Exercise requirements
Transcribe all records below exactly, without images.

++++ Provided records ++++

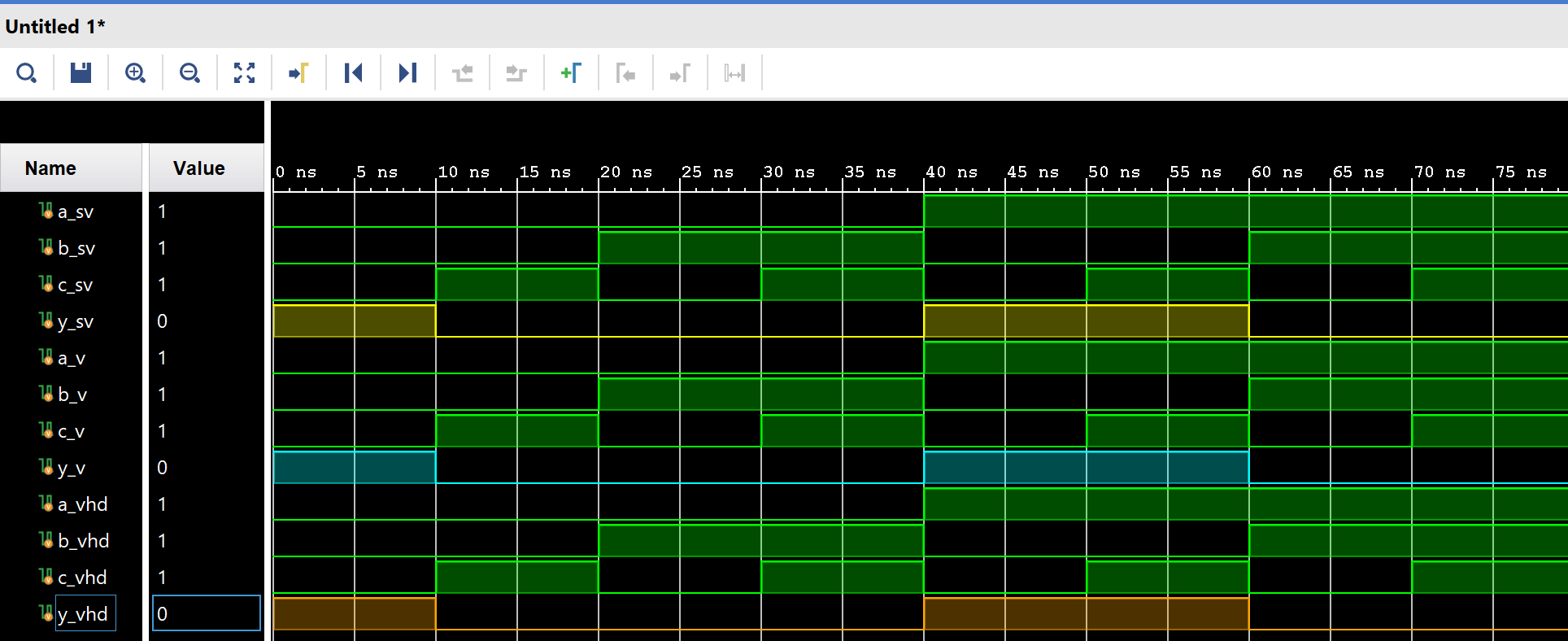 port ( a, b, c: in STD_LOGIC; y: out STD_LOGIC ); end;
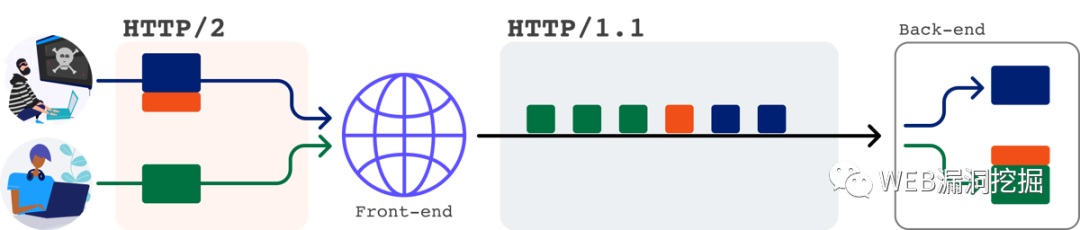 使用HTTP/2的前端几乎总是使用HTTP/2的内置消息长度。然而,接收降级请求的后端不能访问此长度数据,所以必须使用CL或TE头。这导致了两种主要类型的漏洞: H2.TE和H2.CL。
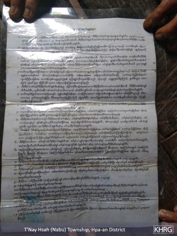 Naw U--- has a Karen National Union (KNU)[4] land ownership certificate. She showed it to the KNU/KNLA-PC, without result. She used to pay land taxes to the KNU but, two years ago, the local village head said she did not need to pay taxes anymore because her lands had been confiscated by the KNU/KNLA-PC already.
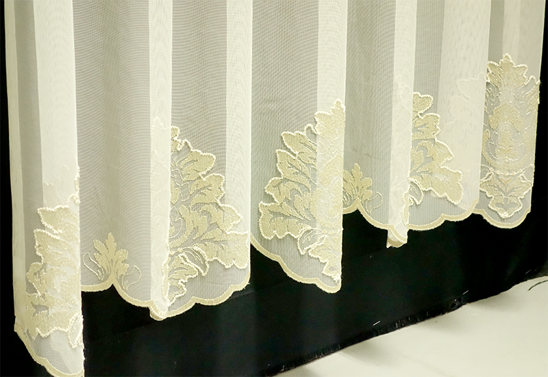 輸入オーダーカーテン(レース) 高級 トルコ製 『ローズライン』ステッチ裾2段柄レースカーテン
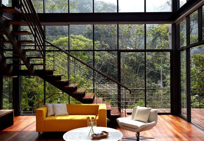 Има доста интересно решение за такива ситуации. По-долу представяме снимка на големи прозорци в частни къщи. През тях също навлиза достатъчно количество слънчева светлина. Е, наблюдението на природата през тях, макар и не толкова приятно, колкото през витражи, също е доста удобно.
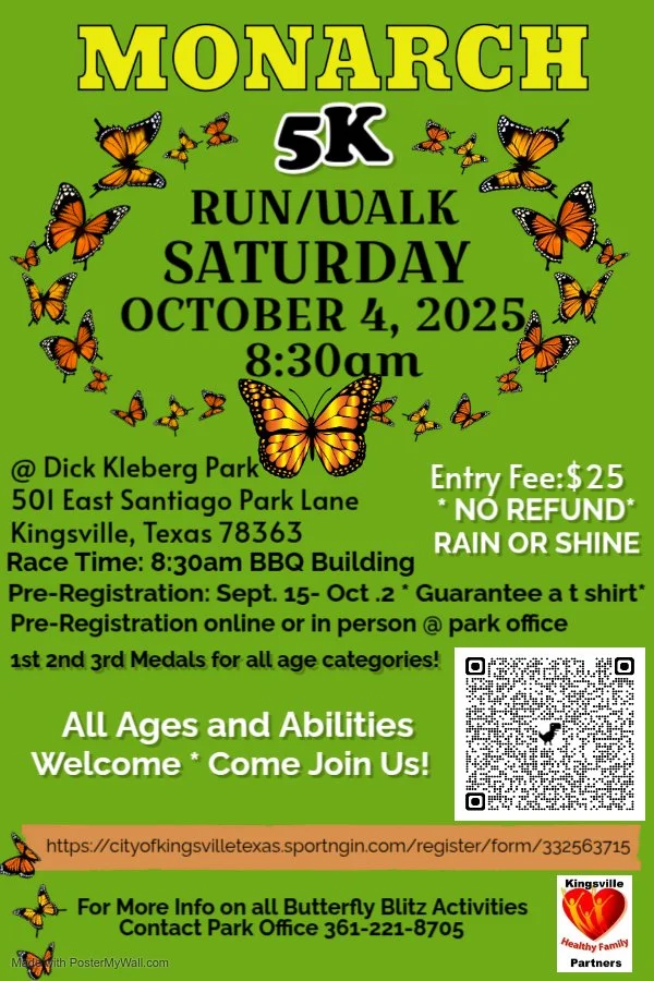 This race will kick off the City of Kingsville’s Butterfly Blitz day activities.
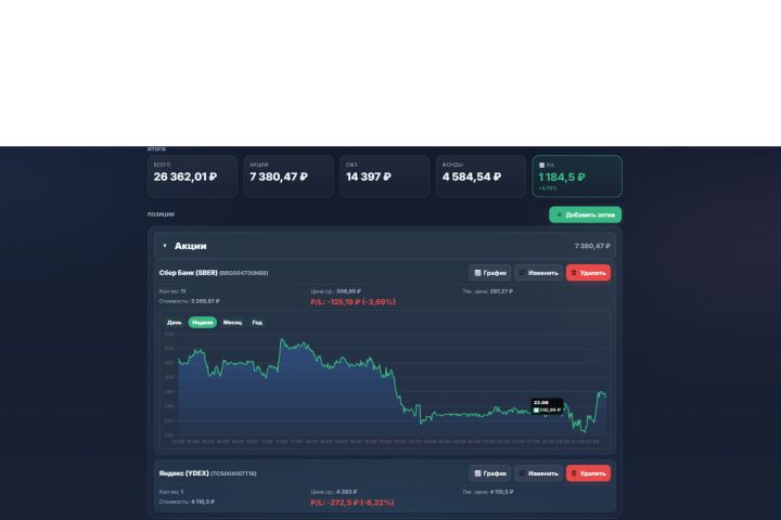 Инвестиционный модуль с интеграцией Tinkoff Invest API для автоматического получения котировок

++++

Response to the task
 port ( a, b, c: in STD_LOGIC; y: out STD_LOGIC ); end;
 使用HTTP/2的前端几乎总是使用HTTP/2的内置消息长度。然而,接收降级请求的后端不能访问此长度数据,所以必须使用CL或TE头。这导致了两种主要类型的漏洞: H2.TE和H2.CL。
 Naw U--- has a Karen National Union (KNU)[4] land ownership certificate. She showed it to the KNU/KNLA-PC, without result. She used to pay land taxes to the KNU but, two years ago, the local village head said she did not need to pay taxes anymore because her lands had been confiscated by the KNU/KNLA-PC already.
 輸入オーダーカーテン(レース) 高級 トルコ製 『ローズライン』ステッチ裾2段柄レースカーテン
 Има доста интересно решение за такива ситуации. По-долу представяме снимка на големи прозорци в частни къщи. През тях също навлиза достатъчно количество слънчева светлина. Е, наблюдението на природата през тях, макар и не толкова приятно, колкото през витражи, също е доста удобно.
 This race will kick off the City of Kingsville’s Butterfly Blitz day activities.
 Инвестиционный модуль с интеграцией Tinkoff Invest API для автоматического получения котировок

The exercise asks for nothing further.